Work instructions. Your answer should consist only of the records, copied exactly, with the images removed.

Supplied data.
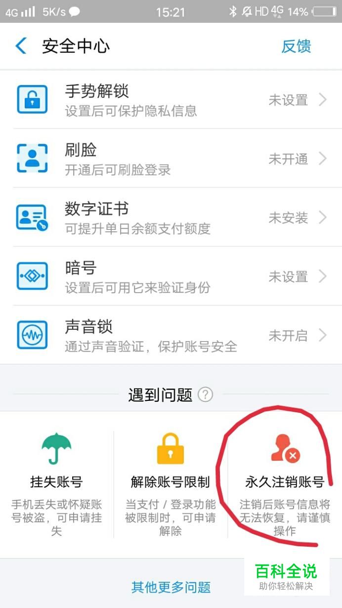 最后会弹出如下图所示的界面,然后点击永久注销账号。
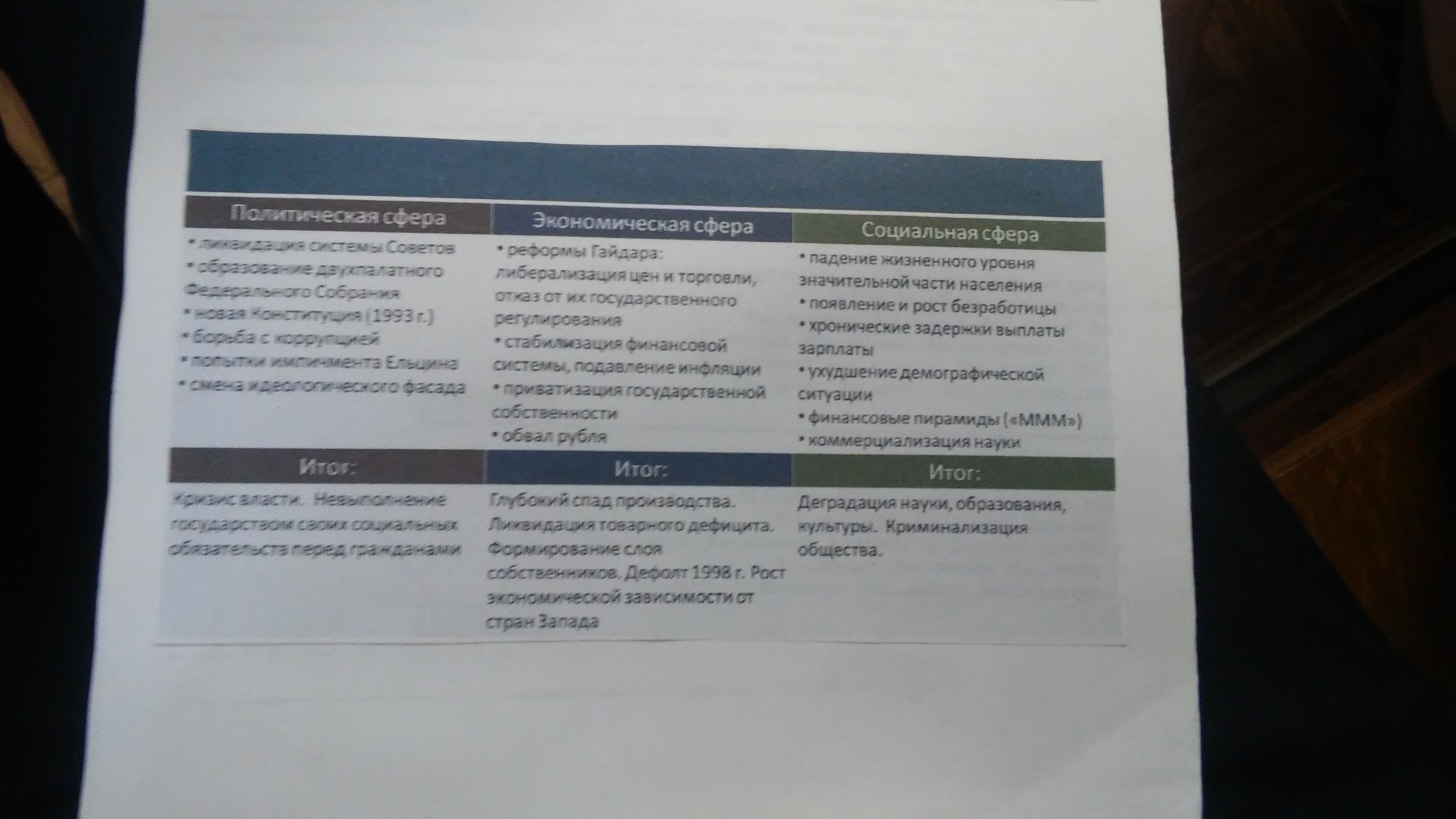 Обзор основных сфер жизни общества и государства в России в 90-е гг XX века
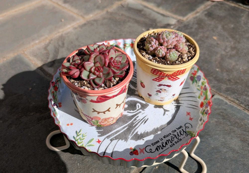 多肉の紅葉具合とリメ鉢の可愛さがマッチして増々の可愛さ🥰
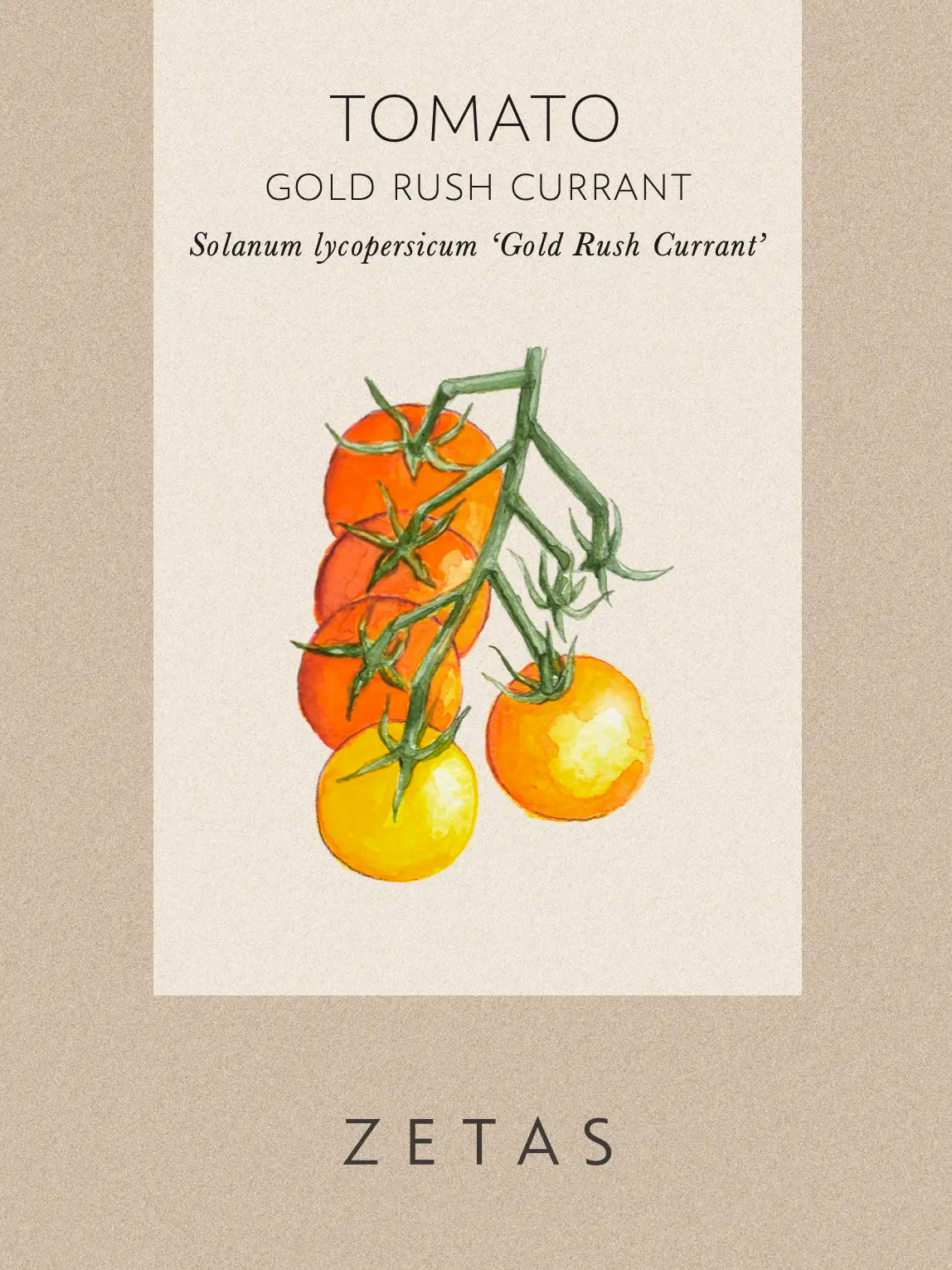 Tomat 'Gold Rush Currant' är en mycket högavkastande sort som ger ljust gyllene orange, sött smaksatta små frukter. En perfekt tomat till mellanmål och sallader. Vikten är cirka 10 gram. Ekologiska frön.
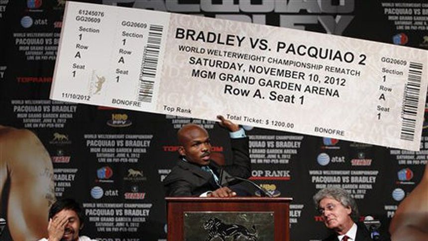 "Sacudiré al mundo del boxeo, le ganaré a Pacquiao y le daré la revancha el 10 de noviembre en la Arena Garden”, aseguró Bradley mientras mostraba un gigantesco boleto impreso con la leyenda "Bradley vs. Pacquiao 2” y el cartel de la función.

Result for this exercise.
 最后会弹出如下图所示的界面,然后点击永久注销账号。
 Обзор основных сфер жизни общества и государства в России в 90-е гг XX века
 多肉の紅葉具合とリメ鉢の可愛さがマッチして増々の可愛さ🥰
 Tomat 'Gold Rush Currant' är en mycket högavkastande sort som ger ljust gyllene orange, sött smaksatta små frukter. En perfekt tomat till mellanmål och sallader. Vikten är cirka 10 gram. Ekologiska frön.
 "Sacudiré al mundo del boxeo, le ganaré a Pacquiao y le daré la revancha el 10 de noviembre en la Arena Garden”, aseguró Bradley mientras mostraba un gigantesco boleto impreso con la leyenda "Bradley vs. Pacquiao 2” y el cartel de la función.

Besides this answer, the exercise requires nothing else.